Je suis passé à l'Apple Store du coin pour tâter les deux téléphones.
Côté logiciel, le tap-tap pour aider à atteindre la moitié haute de l'écran est pas mal ; ça fonctionne même si ce n'est pas très élégant.
Le mode paysage du 6+ est une bonne nouveauté bien réussie.

Côté matériel, l'écran est joli, la prise en main plus agréable que je ne le pensais. Le 6+ n'est pas _si_ grand. Surtout, le 6 a un bon équilibre et tient bien en main (j'ai des mains assez petites et pas de problème).

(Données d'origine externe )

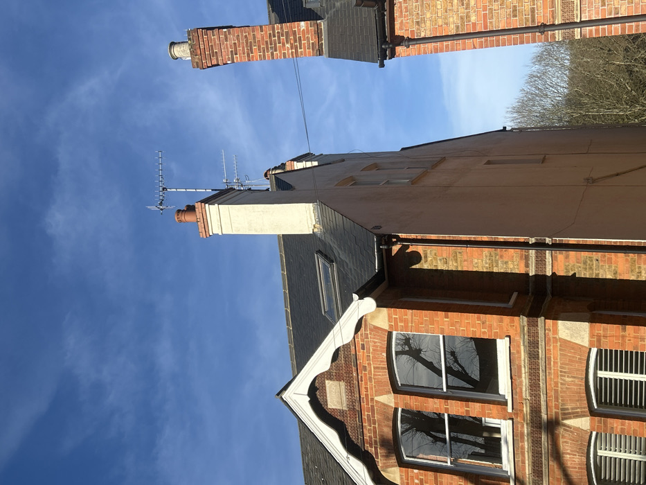 The image displays an upward view of two residential buildings, located in Dacorum, United Kingdom, under a clear blue sky with minimal wispy clouds. The primary building on the left is a red brick structure with light-colored stone or rendered decorative elements, including a gabled facade with white ornate bargeboards. Its dark slate roof features a single rectangular skylight. Two arched windows on the upper floor reflect the bare branches of a tree and the sky. A prominent cream-colored chimney, capped with a terracotta pot, extends from the roof and supports multiple Yagi-style television aerials. The visible side wall of this building is rendered in a light, neutral tone. To the right, a second red brick building is partially visible, also featuring a dark slate roof and a brick chimney topped with a lighter-colored pot. Black downspouts are visible on both structures. The scene is brightly illuminated by direct sunlight, casting distinct shadows. No people, subjects, or active interactions are present.

Pour le reste des caractéristiques techniques, je ne peux rien dire.

Quant à l'esthétique... Il est vraiment _moyen_ : il se fond dans la masse, quoi, ni moche ni beau, quelconque (au mieux). Et l'arrière est assez disgracieux, il faut bien l'admettre.

Son meilleur atout reste iOS, je dirais. Certainement pas son prix, plutôt déraisonnable.


----------



## Ardienn (22 Septembre 2014)

J'en reviens également. 

Je dois dire que je suis de plus en plus dubitatif. Au départ, je voulais prendre le 6+, puis le 6. Et maintenant, je me tâte. L'envie a l'air de s'en être allée. 

la taille me pose un problème, même sur le 6. Même si j'ai de grandes mains. 

L'écran reste magnifique. Il est vraiment très léger (j'ai un 4s). Mais pendant une dizaine de minutes j'ai joué le jeu de tout faire à une main, et c'est là ou je ne suis pas totalement convaincu. Il est vraiment grand, bon sang... En n'utilisant pas le double tap, il a failli basculer vers l'avant à 2 ou 3 reprises. J'ai vu une femme le faire tomber sur la table en le reposant (mais c'était un 6+, et c'était d'une main qu'elle comptait le faire). Peut-être que c'est simplement un coup à prendre. 

J'en suis clairement à regretter un iphone taille 5s avec toutes les améliorations (caméra principalement). En sortant, j'ai "retrouvé" mon 4s et je me suis surpris à avoir du "plaisir" à l'avoir bien en main. Finalement, j'hésite à prendre le 6. (probable que je le prenne, ou alors attendre le prochain tour). 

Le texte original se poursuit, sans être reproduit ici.